→ **EXERCISE DATA**
☆ ☆ ☆ ☆ ☆
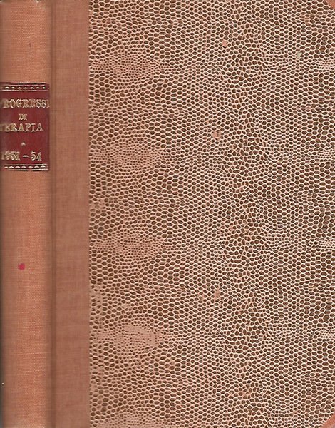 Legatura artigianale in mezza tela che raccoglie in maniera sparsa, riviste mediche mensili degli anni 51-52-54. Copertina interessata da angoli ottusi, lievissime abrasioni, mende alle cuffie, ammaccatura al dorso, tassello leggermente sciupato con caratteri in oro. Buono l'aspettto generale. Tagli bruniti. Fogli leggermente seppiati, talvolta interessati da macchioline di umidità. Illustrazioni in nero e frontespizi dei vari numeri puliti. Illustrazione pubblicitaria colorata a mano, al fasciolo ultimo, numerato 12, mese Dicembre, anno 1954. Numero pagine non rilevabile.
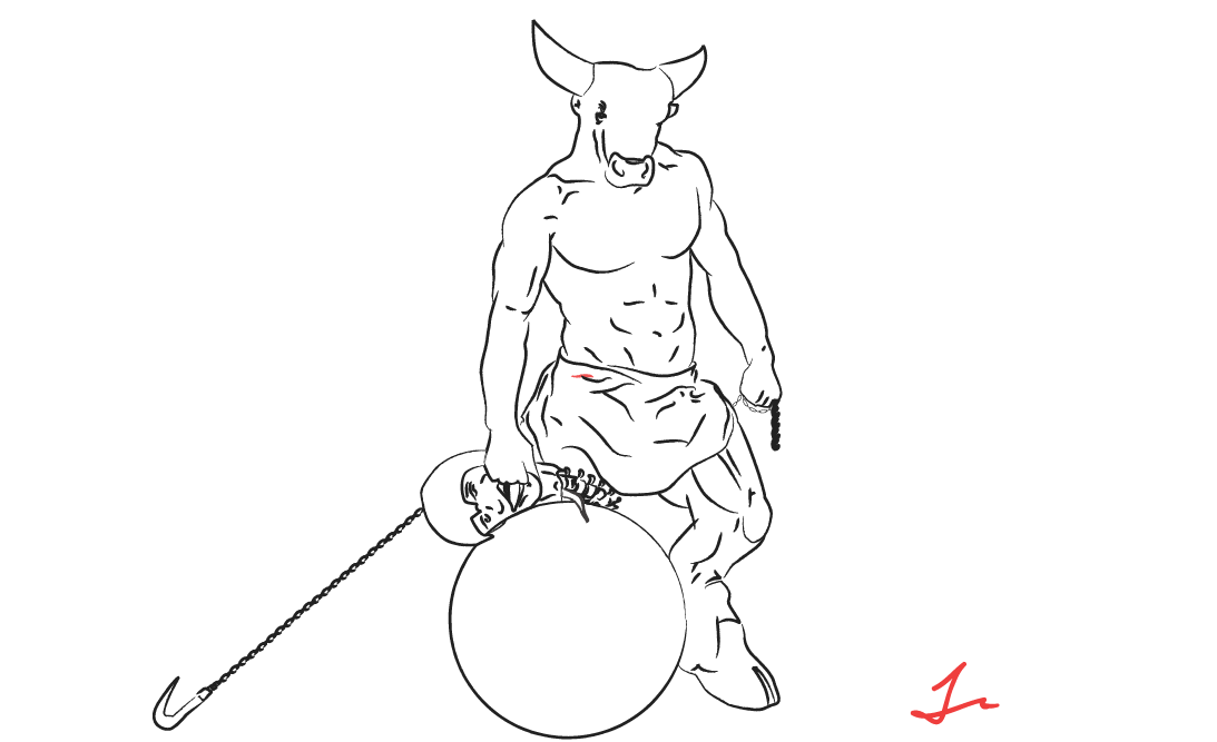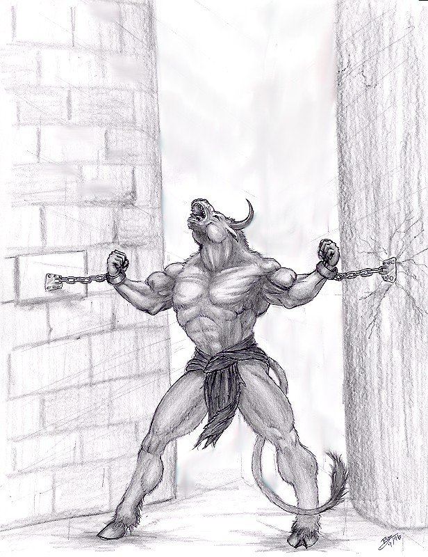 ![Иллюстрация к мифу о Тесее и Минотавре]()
☆ ☆ ☆ ☆ ☆
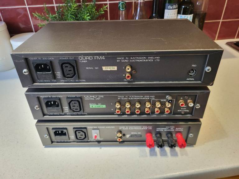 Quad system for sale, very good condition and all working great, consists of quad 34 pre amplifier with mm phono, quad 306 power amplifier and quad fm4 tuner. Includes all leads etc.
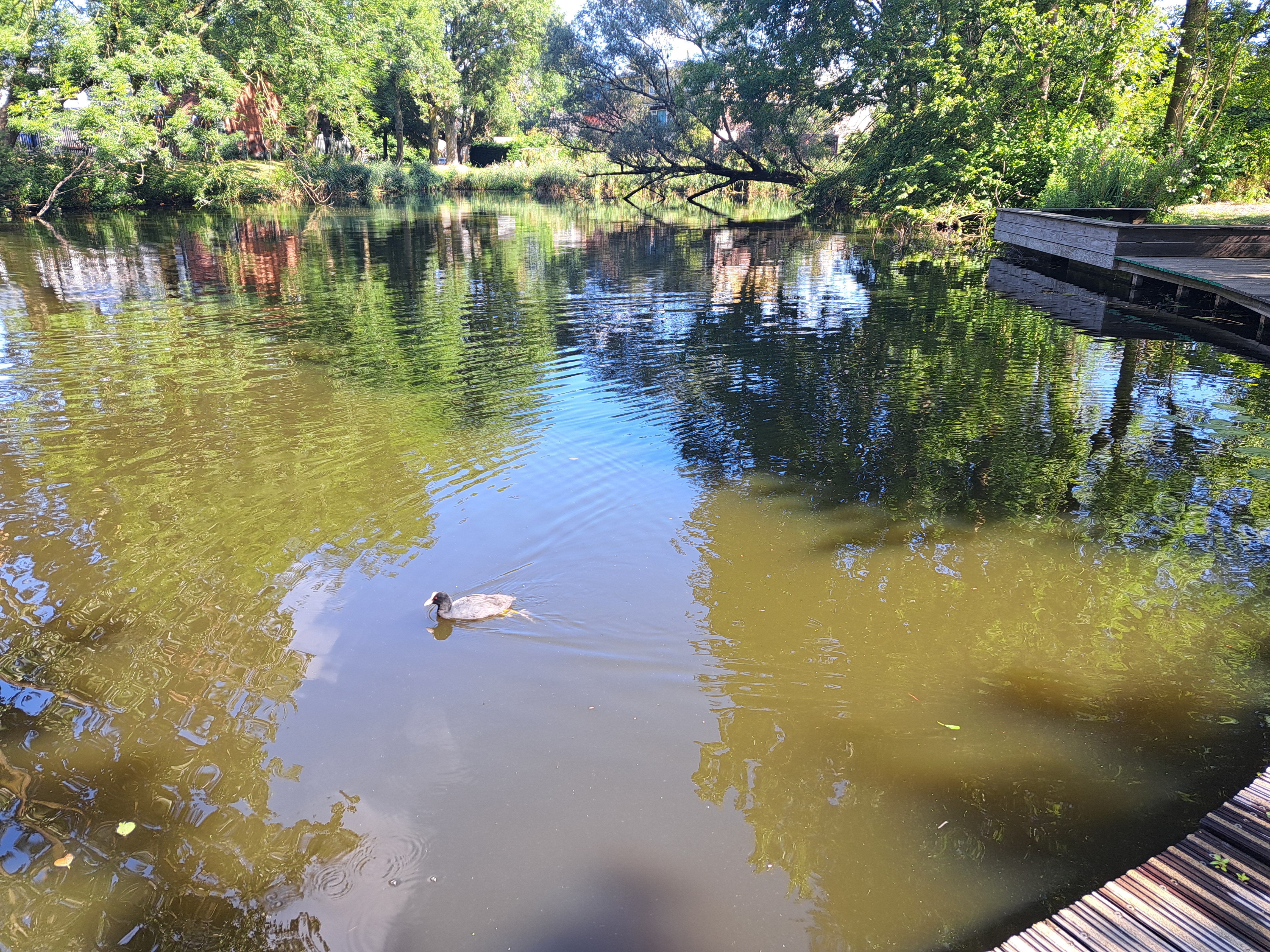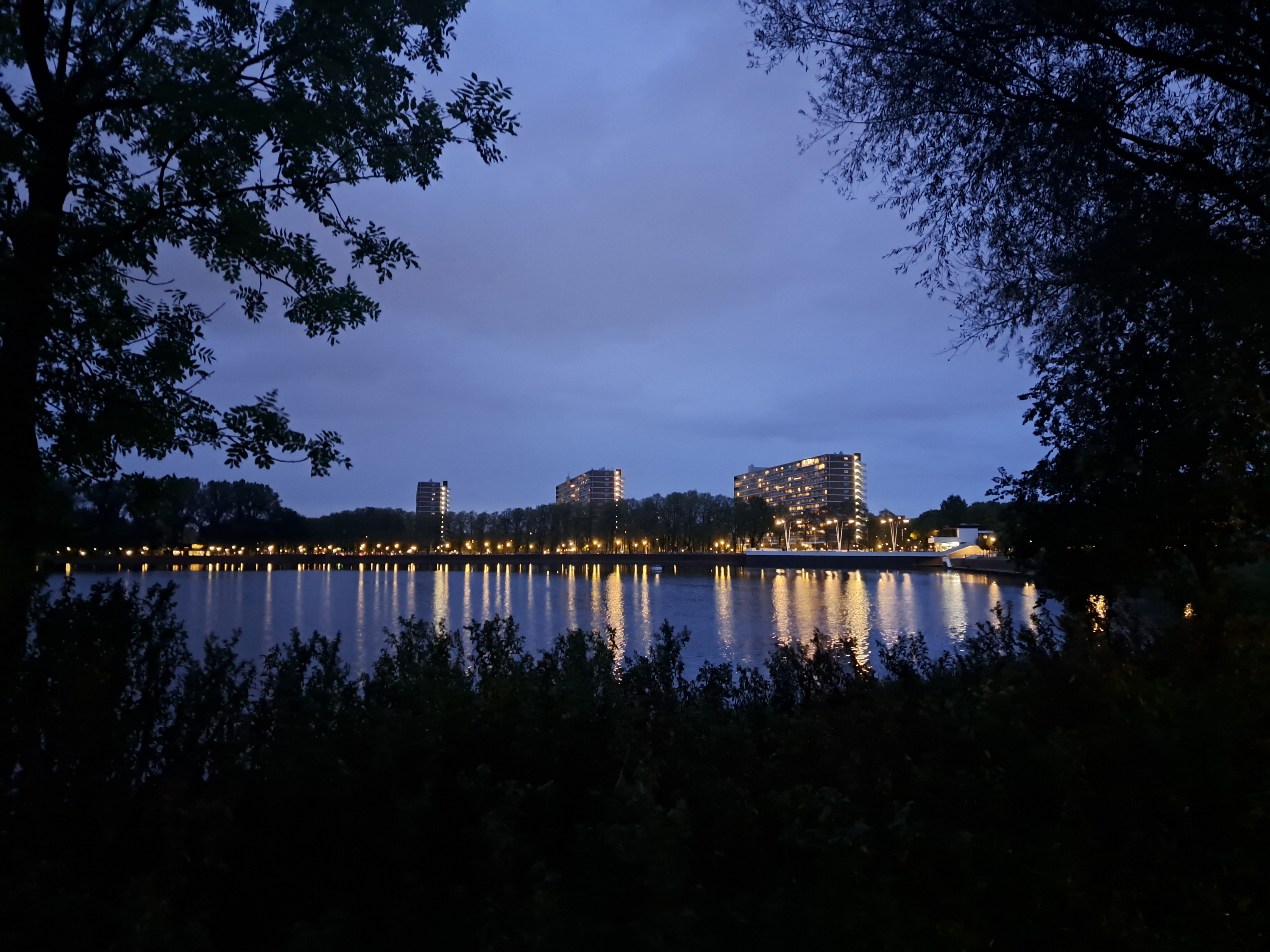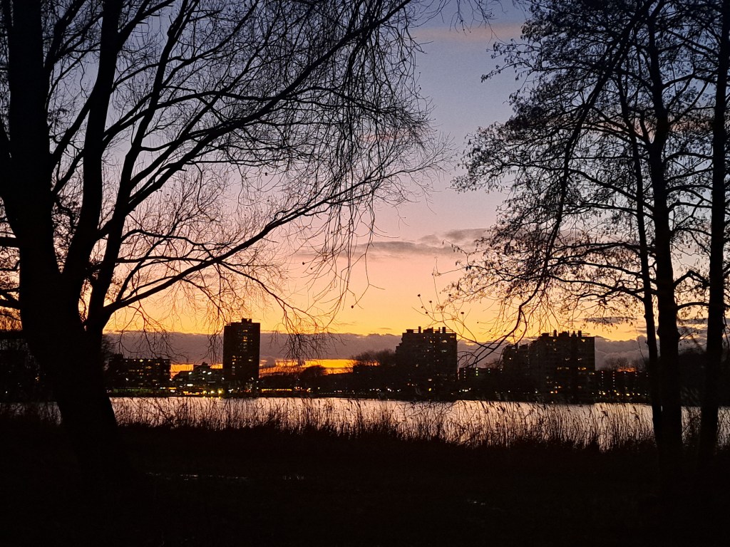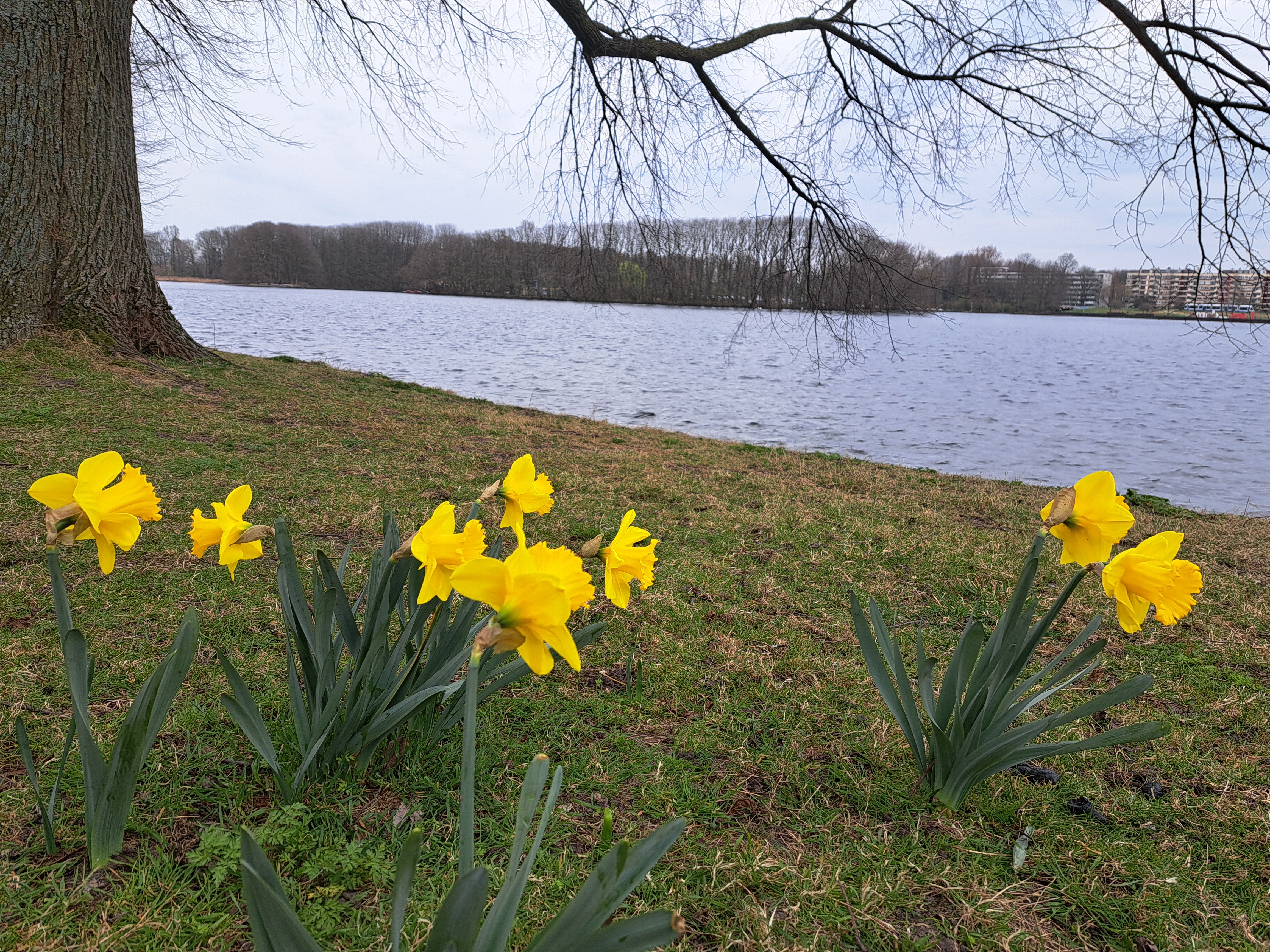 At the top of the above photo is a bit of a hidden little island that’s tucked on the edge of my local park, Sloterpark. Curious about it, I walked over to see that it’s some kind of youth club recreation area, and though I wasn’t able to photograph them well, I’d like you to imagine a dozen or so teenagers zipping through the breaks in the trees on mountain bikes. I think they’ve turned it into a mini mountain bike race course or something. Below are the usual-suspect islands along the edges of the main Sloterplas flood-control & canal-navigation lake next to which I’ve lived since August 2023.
☆ ☆ ☆ ☆ ☆
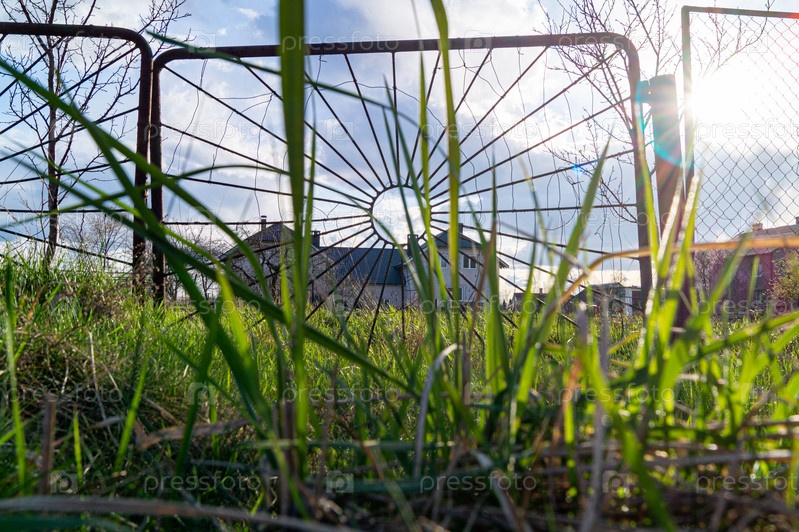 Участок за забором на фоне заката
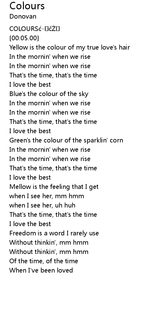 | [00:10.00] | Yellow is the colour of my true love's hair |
☆ ☆ ☆ ☆ ☆
→ **TASK TO COMPLETE**
Nothing but the lines above, starting at the line that contains "Legatura artigianale in" and ending at the line that contains "Тесее и Минотавре]()", should be given again, exactly and without the pictures.

→ **WRITTEN ANSWER**
 Legatura artigianale in mezza tela che raccoglie in maniera sparsa, riviste mediche mensili degli anni 51-52-54. Copertina interessata da angoli ottusi, lievissime abrasioni, mende alle cuffie, ammaccatura al dorso, tassello leggermente sciupato con caratteri in oro. Buono l'aspettto generale. Tagli bruniti. Fogli leggermente seppiati, talvolta interessati da macchioline di umidità. Illustrazioni in nero e frontespizi dei vari numeri puliti. Illustrazione pubblicitaria colorata a mano, al fasciolo ultimo, numerato 12, mese Dicembre, anno 1954. Numero pagine non rilevabile.
 ![Иллюстрация к мифу о Тесее и Минотавре]()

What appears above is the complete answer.